Unnamed: 0,tariff_plan,user_id,churn,overpaying,churn_rate,overpaying_share
0,A,34,4,34,0.117647,1.0
1,B,112,16,110,0.142857,0.982143
2,C,161,26,3,0.161491,0.018634


In [102]:
#churn visualisation
fig = px.bar(plan,x='tariff_plan',y='churn_rate',color="tariff_plan",
            labels={'churn_rate':'Churn Rate','churn':'Churn','tariff_plan':'Plan'})
fig.update_layout(title_text='Churn Rate By Plan')
fig.show()

In [103]:
#share of overpaying visualisation
fig = px.bar(plan,x='tariff_plan',y='overpaying_share',color="tariff_plan",
            labels={'overpaying_share':'The Share of Overpaying Clients','tariff_plan':'Plan'})
fig.update_layout(title_text='The Share of Overpaying Clients By Plan')
fig.show()

* Churn rate is the highest for C plan.
* The biggest share of overpaying users is for plan A.

* We can calculate how many users are overpaying.

In [104]:
#number of active overpaying users
final_telecom.query('overpaying =="1" & churn =="0"')['user_id'].nunique()

126

* We will now calculate possible total loss per month and loss per user.

In [105]:
#total loss per month
final_telecom['loss'].sum()

269805

In [106]:
#loss per month per user
round(final_telecom['loss'].sum() / final_telecom['user_id'].nunique())

879

### Conclusions
* We have created a column that indicates on users that are overpaying.
* We have now 126 active users who are overpaying and may be offered to switch.
* If they do switch plans, our maximum possible loss per user will be 879 dollars per month. 

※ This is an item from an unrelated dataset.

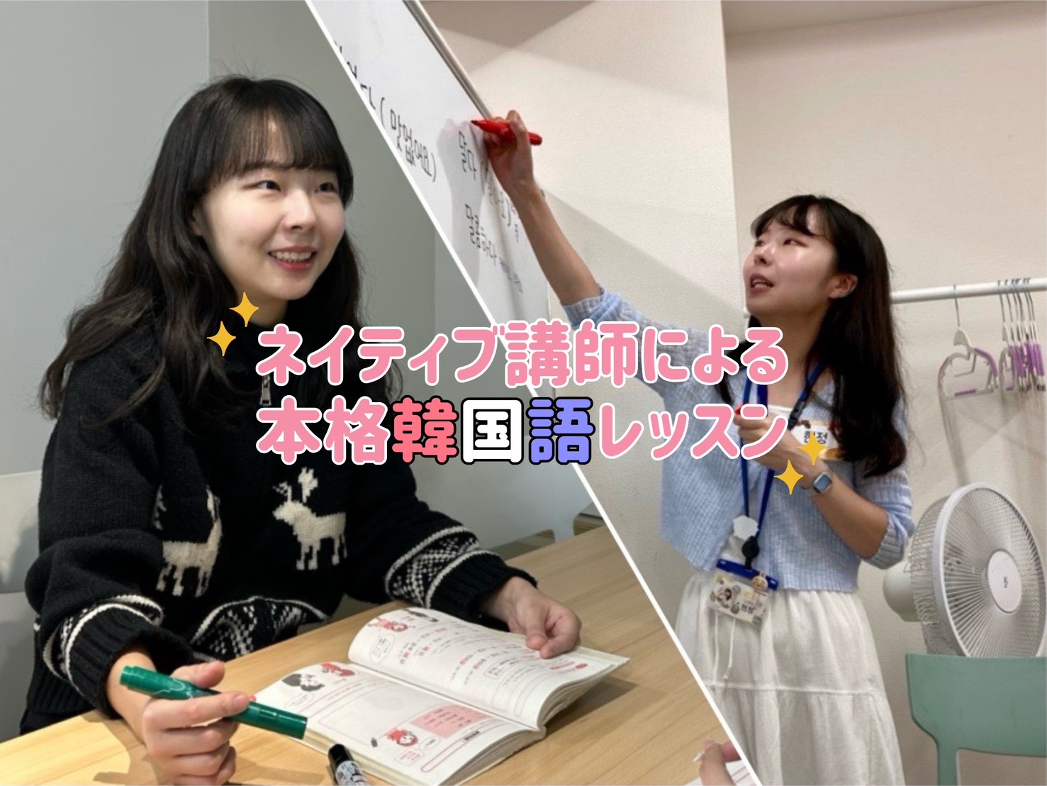 2:1のレッスンで、気兼ねなく仲の良いお友達と韓国語を習うことが出来ます。

### Step 5. Hypothesis testing <a name="step5"></a>

* Now we are going to check the following hypothesis:
    * Ho= The difference in churn rate between overpaying and not overpaying users is statistically insignificant(the proportion of users who leave does not differ between two groups)
    * H1 = The difference in churn rate between overpaying and not overpaying users is statistically significant(the proportion of users who leave does differ between groups)

* First lets check to size of our samples

In [107]:
#samples for hypothesis testing 
final_telecom.query('overpaying ==1')['user_id'].nunique()

147

In [108]:
final_telecom.query('overpaying ==0')['user_id'].nunique()

160

* The samples are almost balanced. 
* We will now perform a z-test.

In [109]:
#hypothesis_test
alpha=0.05
    #churn for each group
churn1 = final_telecom.query('churn == 1 & overpaying == 0')['user_id'].nunique()
churn2 = final_telecom.query('churn == 1 & overpaying == 1')['user_id'].nunique()
    
    #trials for each group
total1 = final_telecom.query('overpaying == 0')['user_id'].nunique()
total2 = final_telecom.query('overpaying == 1')['user_id'].nunique()
    
    #proportion of successes in each group
p1 = churn1 / total1
p2 = churn2 / total2
    
    #combined proportion
p_combined = (churn1 + churn2) / (total1 + total2)

    #difference
difference = p1 - p2
    
z_value = difference / math.sqrt(p_combined * (1 - p_combined) * (1/total1 + 1/total2))
    
distr = stats.norm(0,1)
    
p_value = (1 - distr.cdf(abs(z_value))) * 2
    
print('p_value:', p_value)
    
if (p_value < alpha):
    print('Reject H0 for churn rates for not overpaying and overpaying clients')
else:
    print('Fail to reject H0 for churn rates for not overpaying and overpaying clients')
    

p_value: 0.7425756472428942
Fail to reject H0 for churn rates for not overpaying and overpaying clients


* The test shows that there is no statistically significant difference between groups, which implies that overpaying users do not leave more often than others.


#### Conclusions
* We have **126 active users who are overpaying** for their current contract.
* If we offer than to switch the plan the  **maximum possible loss will be 879 dollars per month per user.**
* There is no statistically signifficant difference between overpaying and not overpaying users as for the churn rate.



#### Recommendations
* Perhaps, it would be smart to run an A/B test before offering the campaing to all overpaying users.
* The question is how to measure the increase in loyalty? It is possible to conduct an interview/ online questionnaire and check the change in users behaviour after the offer.
* The Sales Departmnet then should cosider what overweighs: possible loss or increase in loyalty.